With OpenShift, Red Hat established an open source, market-leading Platform-as-a-Service (PaaS) platform. In this session, Matt Hicks and Juan Noceda will discuss the business and technical cases for PaaS, detail what makes OpenShift a unique offering in this space, and preview the exciting developments planned for OpenShift’s future.

Matt and Juan will also:

  • Discuss OpenShift basics
  • Provide details about how it works
  • Detail OpenShift’s latest features, including its multitenancy and security enhancements
  • Demonstrate how OpenShift enables the developer to decide how to interact and utilize the PaaS solution

Don’t let us hold you back, come build your own!

Location: Room 311

Topics: Big data, Cloud deployment, Development tools, Flexibility, Java development, Manageability, OpenShift by Red Hat, OpenShift Origin, Portability, Red Hat Cloud, Red Hat Enterprise Linux, Scalability

Track Date Time Technical Difficulty
The road ahead Wednesday, June 12 10:40 am - 11:40 am 2.0 / 5.0

Linux Containers Overview & Roadmap

Bhavna Sarathy — Senior Product Manager, Red Hat
Daniel Walsh — Senior Principal Software Engineer, Red Hat

Linux container technology allows a customer to carve a system out into isolated containers, and run applications securely within the confines of the containers. It facilitates multi-tenancy, which allows IT organizations to take better advantage of the large servers available in their datacenter. While multi-tenancy provides great flexibility for server resource management, especially for service providers, it introduces additional complexity, especially related to the security of applications and data that reside on the same server.

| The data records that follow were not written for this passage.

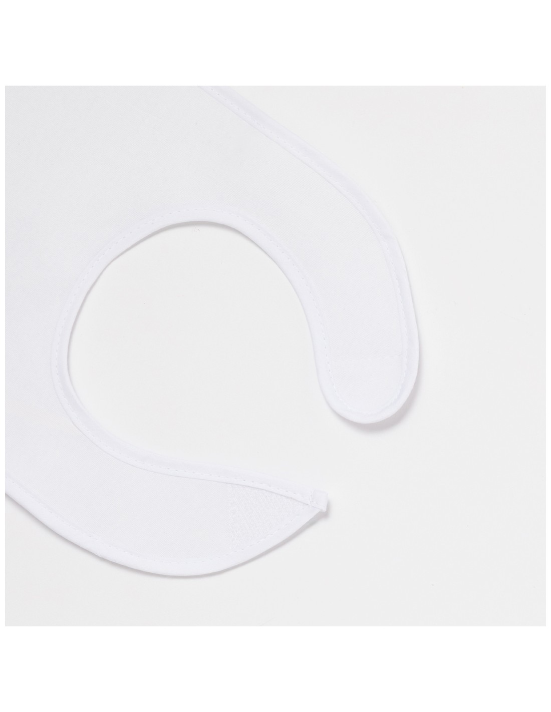 Práctico babero infantil confeccionado en algodón, con cierre de velcro para un mejor ajuste de color blanco.
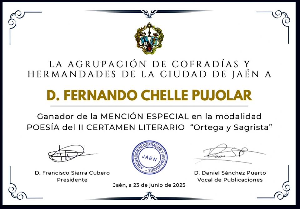 El escritor mercedario Fernando Chelle Pujolar quien desde hace varios años está radicado en Colombia desarrollando una proficua labor literaria, obtuvo una mención especial en la categoría de poesía del ll Certamen Literario “Ortega y Sagrista” que fue convocado por la Agrupación de Cofradías y Hermandades de la ciudad de Jaén en España. |
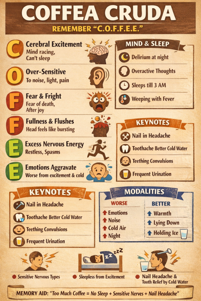 Coffea Cruda in Homoeopathy – Keynotes, Mnemonics & Exam Revision Guide

In this session, Bhavna Sarathy and Daniel Walsh will discuss resource management, namespacing, and the use of SELinux to tighten the security of Linux containers. Attendees will learn about the Linux container roadmap for Red Hat Enterprise Linux products and view a demonstration of secure Linux containers.

Location: Room 311

Topics: Cost savings, Flexibility, OpenShift by Red Hat, Performance, Red Hat Enterprise Linux, Reliability, Scalability, Security

Track Date Time Technical Difficulty
The road ahead Wednesday, June 12 3:40 pm - 4:40 pm 3.0 / 5.0

Red Hat-powered, Energy-efficient Hyperscale ARM Server

Jon Masters — Chief ARM Architect, Red Hat

Red Hat demonstrated a bicycle-powered, energy-efficient HP ARM server at Red Hat Summit 2012, integrating a full server solution onto a single hyperscale system-on-chip. ARM servers have created a lot of buzz since then.

In the intervening months, we have invested heavily in the Fedora community, enhancing the Fedora ARM Project, and introducing initial support for the first 64-bit ARM server systems. Red Hat has also joined the Linaro Enterprise Group as a founding member and has taken a strong leadership position in the definition of the first ARM server standards. As a powerful player in the development of emerging technologies, Red Hat will continue ARM development in the year ahead.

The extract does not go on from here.